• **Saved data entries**
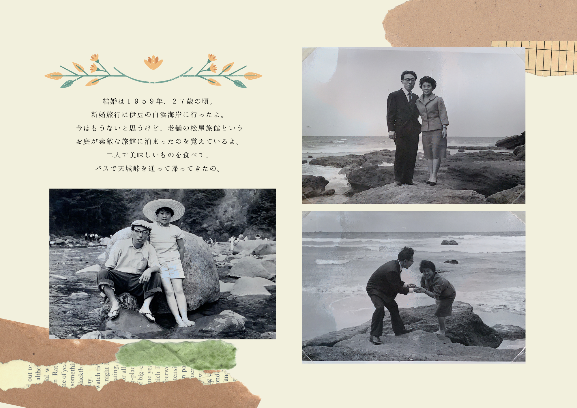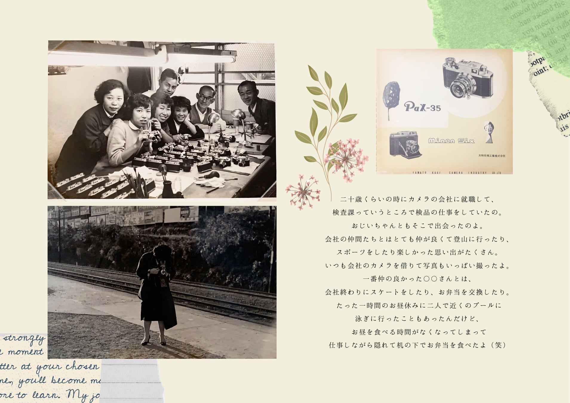 ”カメラの会社に就職して、検査課っていうところで検品をしていたの。おじいちゃんともそこで出会ったのよ。会社の仲間たちとはとても仲が良くて登山に行ったり、スポーツをしたり思い出がたくさん。… 同僚とたった1時間のお昼休みに二人で近くのプールに泳ぎに行ったこともあったんだけど、お昼を食べる時間がなくなってしまって、仕事をしながら隠れて机の下で食べたよ(笑)”
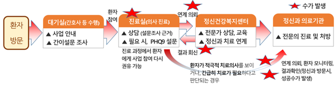 새로운 명칭과 함께 2년 연장 추진되는 이번 시범사업에서 달라진 점은 진료 전 대기실에서 환자를 대상으로 사업 안내, 참여 의향 확인 등 정신건강 문제 상담을 위한 사전 간이 조사과정이 추가됐다는 것이다.
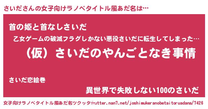 | 男性向けラノベタイトル風あだ名 | 『さいだの憂鬱』『はたらくさいださま!』 |
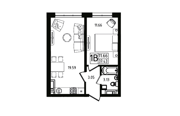 Продается однокомнатная новостройка, 37 кв.м., 14/16 эт
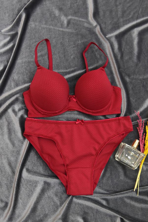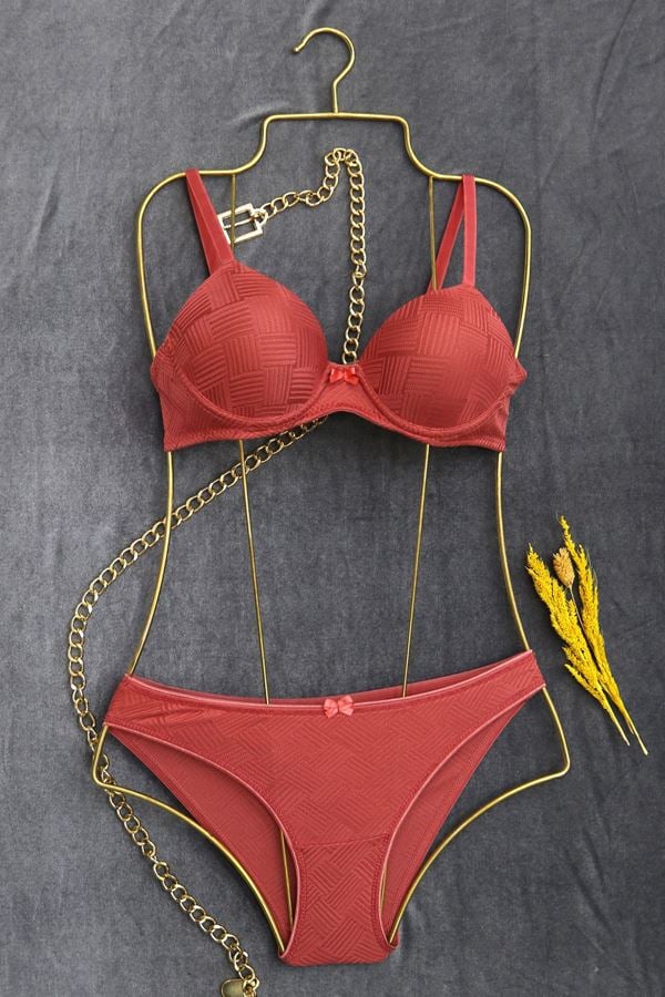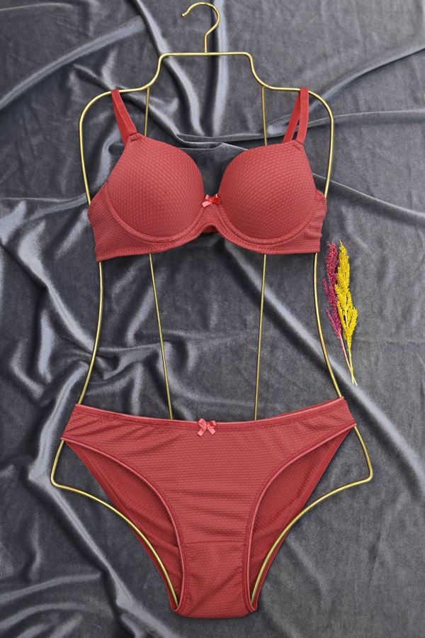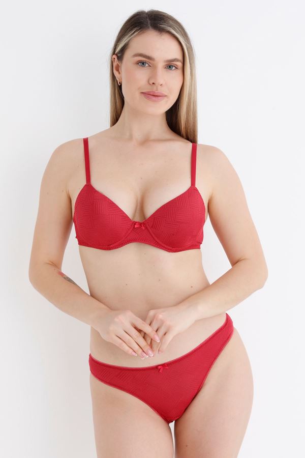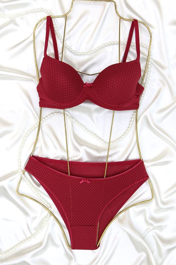 Sütyen Takım Küçük Baklava Desen Dolgulu Vişne - 2551.1783.

• **What needs to be done**
Output the entries verbatim, skipping images.

• **Answer to this task**
 ”カメラの会社に就職して、検査課っていうところで検品をしていたの。おじいちゃんともそこで出会ったのよ。会社の仲間たちとはとても仲が良くて登山に行ったり、スポーツをしたり思い出がたくさん。… 同僚とたった1時間のお昼休みに二人で近くのプールに泳ぎに行ったこともあったんだけど、お昼を食べる時間がなくなってしまって、仕事をしながら隠れて机の下で食べたよ(笑)”
 새로운 명칭과 함께 2년 연장 추진되는 이번 시범사업에서 달라진 점은 진료 전 대기실에서 환자를 대상으로 사업 안내, 참여 의향 확인 등 정신건강 문제 상담을 위한 사전 간이 조사과정이 추가됐다는 것이다.
 | 男性向けラノベタイトル風あだ名 | 『さいだの憂鬱』『はたらくさいださま!』 |
 Продается однокомнатная новостройка, 37 кв.м., 14/16 эт
 Sütyen Takım Küçük Baklava Desen Dolgulu Vişne - 2551.1783.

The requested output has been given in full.